I’ve been asked a question recently that I always find difficult to answer.


“Where exactly did you take that photo?”


On the surface, it feels harmless. Curious, even appreciative. Someone sees an image, connects with it, and wants to stand in the same place. I understand that instinct completely. I feel it too when I look at work that "moves" me.


But the truth is, I rarely share exact locations. And that choice is very deliberate and personal to me.


North Wales is full of quiet, lesser known places. Corners of landscape that feel untouched, or at least lightly held. Places where the silence still carries weight, where the experience is shaped as much by the journey as the destination. Those places matter, not just visually, but culturally and environmentally.


What troubles me is the growing tendency to reduce exploration into a set of coordinates.

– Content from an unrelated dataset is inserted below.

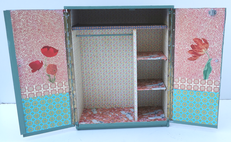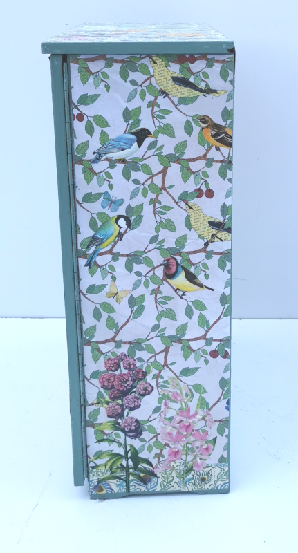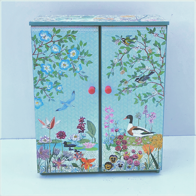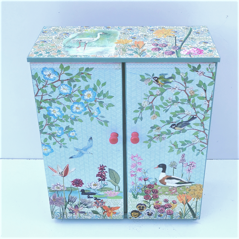 UNIKAT! Puppenschrank mit roten Holzgriffen und einer Gestaltung rund um ein Geschenkpapier mit Bäumen und Vögeln. Auf den Türen sind aus Details aus dem eine Geschenkpapier Bäume gestaltet worden. Darunter sitzen in einer Landschaft mit Weiher Enten; eine Möwe fliegt über den Weiher. Die Seiten sind mit dem Geschenkpapier bezogen, auf den Zweigen der Bäume sitzen Vögel. Zu diesem Puppenschrank passt farblich die kleine Puppenwiege "Vögel" (Einzelpreis: 35,-€) Komplettpreis für Schrank und Wiege: 150,- €. VERSAND MÖGLICH.

A pinned map. A quick search. A shortcut.


Surely part of the value lies in finding these places for yourself?


There is something important about not knowing exactly where you are going. About reading the land, taking a wrong turn, doubling back, noticing something you were not looking for. That process builds a connection that cannot be replicated by simply arriving.


When locations are handed out freely, especially to large audiences, the dynamic changes. What was once quiet becomes busy. What felt remote becomes accessible in the most literal sense. Cars appear where roads were never designed to handle them. Parking spills into spaces that were never meant to be used that way, often at the expense of local people who live and work there.


These are not purpose built tourist zones. Many of these communities were shaped long before modern traffic, long before the expectation of 24/7 convenience. Narrow lanes, limited access, minimal infrastructure. They were not designed for volume.


And yet, volume arrives.


We are now at a point where inconsiderate parking has become such a problem that authorities are stepping in more aggressively. Vehicles are being towed. Restrictions are increasing. And from the mountains, looking down over places like the A5, what should be a timeless view is interrupted by lines of traffic cones and congestion. It changes the experience entirely.


Then there is the environmental side, which often gets overlooked in these conversations.


I have lost count of the number of times I have litter and seen food waste left behind. Fruit in particular seems to be treated as if it simply belongs in nature. As if because it is "organic", it is harmless.


It is not.


Bananas as a great example do not grow in Wales. Their presence in these landscapes is entirely artificial, and their decomposition is not quick or neutral. It disrupts the local ecosystem, introduces unnecessary waste, and signals a wider misunderstanding of what it means to respect a place. The issue has become so visible that even the national park has resorted to creative ways of "educating" visitors, including monitoring how long something as simple as a banana takes to break down - but would be measured in years not weeks.


It sounds almost absurd, but it speaks to a deeper problem.


A disconnect between visiting a place and understanding it.


So when I choose not to share a location, it is not about secrecy for the sake of it. It is about responsibility. About preserving something that cannot easily be restored once it is lost.


I would rather encourage people to explore. To look at a landscape and wonder where it might be. To study maps, to walk paths, to take their time. Not everything needs to be immediate.


Because the truth is, the photograph is only a small part of the experience.


The wind, the effort, the uncertainty, the small details you notice along the way. That is what stays with you. That is what gives the image meaning.


So perhaps the conversation is not about whether locations should be shared or hidden. Perhaps it is about how we choose to engage with the places we visit.


Park with care. Accept that plans may change. Have a second (or even a third) option. Respect the people who live there. And when you leave, make sure the only trace of your visit is the memory you carry with you and maybe the odd photo - but keep the location under wraps.


And maybe, just maybe, it will allow a little space for mystery.